Data Modeling and Data Analytics

Introduction

We have been witnessing to an exponential growth of the volume of data produced and stored. This can be explained by the evolution of the technology that results in the proliferation of data with different formats from the most various domains (e.g. health care, banking, government or logistics) and sources (e.g. sensors, social networks or mobile devices). We have assisted a paradigm shift from simple books to sophisticated databases that keep being populated every second at an immensely fast rate. Internet and social media also highly contribute to the worsening of this situation. Facebook, for example, has an average of 4.75 billion pieces of content shared among friends every day. Traditional Relational Database Management Systems (RDBMSs) and Data Warehouses (DWs) are designed to handle a certain amount of data, typically structured, which is completely different from the reality that we are facing nowadays. Business is generating enormous quantities of data that are too big to be processed and analyzed by the traditional RDBMSs and DWs technologies, which are struggling to meet the performance and scalability requirements.

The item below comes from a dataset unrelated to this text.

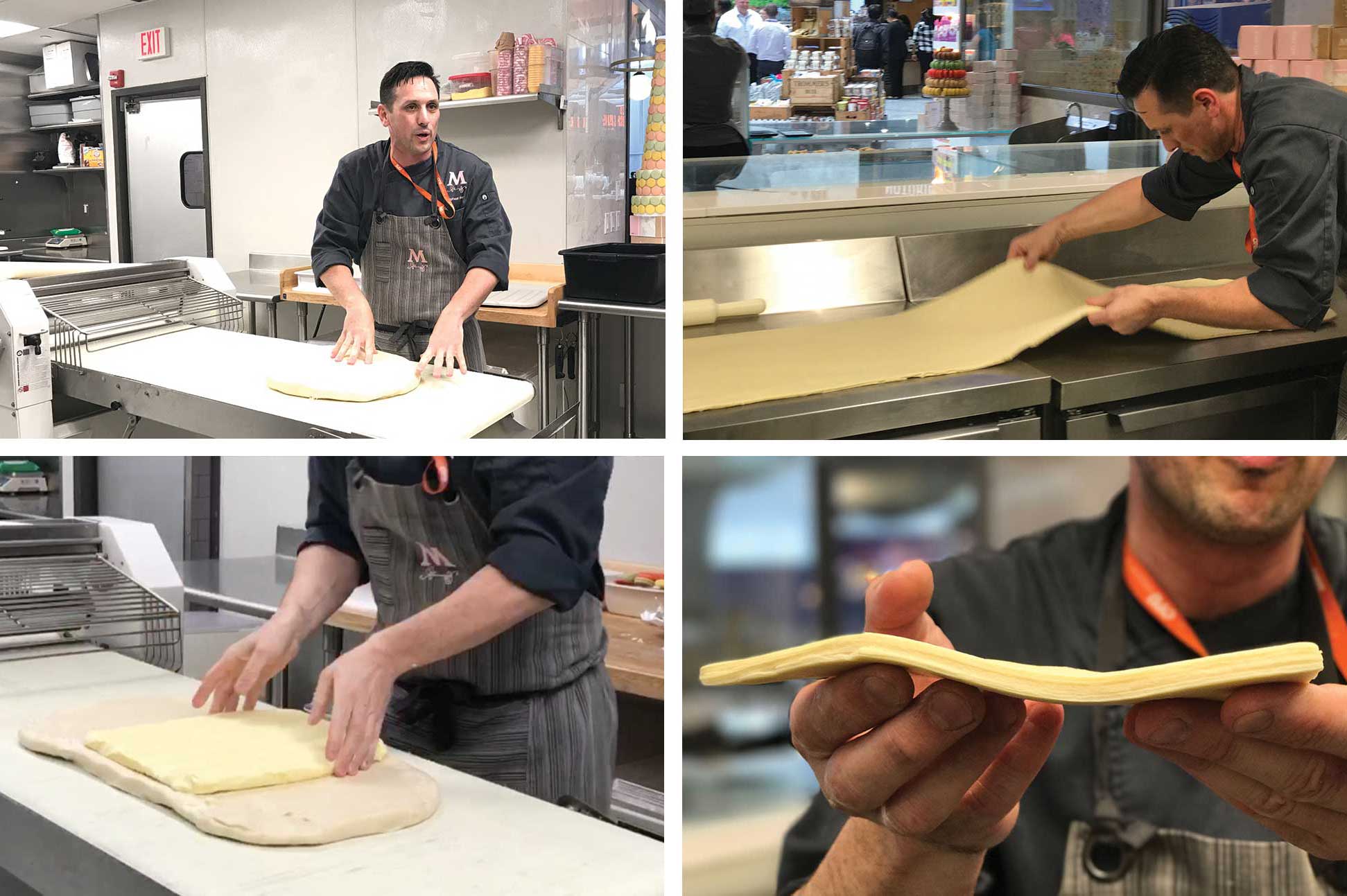 First, the 5 feet of croissant dough is stretched onto a refrigerated table where it is cut using a custom roller. One of Mélange’s Executive Chefs Raphael Boeri, a former student of Torres’, holds up the finished product – perfect layers of flakey, buttery dough.
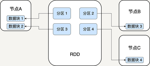 RDD可看作是分区(Partition)组成的数组。每个分区指向一个存放在内存或者硬盘中的数据块(Block),而这些数据块是独立的,它们可以被存放在系统中的不同节点。

Therefore, in the recent years, a new approach that aims to mitigate these limitations has emerged. Companies like Facebook, Google, Yahoo and Amazon are the pioneers in creating solutions to deal with these "Big Data" scenarios, namely recurring to technologies like Hadoop and MapReduce. Big Data is a generic term used to refer to massive and complex datasets, which are made of a variety of data structures (structured, semi- structured and unstructured data) from a multitude of sources. Big Data can be characterized by three Vs: volume (amount of data), velocity (speed of data in and out) and variety (kinds of data types and sources). Still, there are added some other Vs for variability, veracity and value.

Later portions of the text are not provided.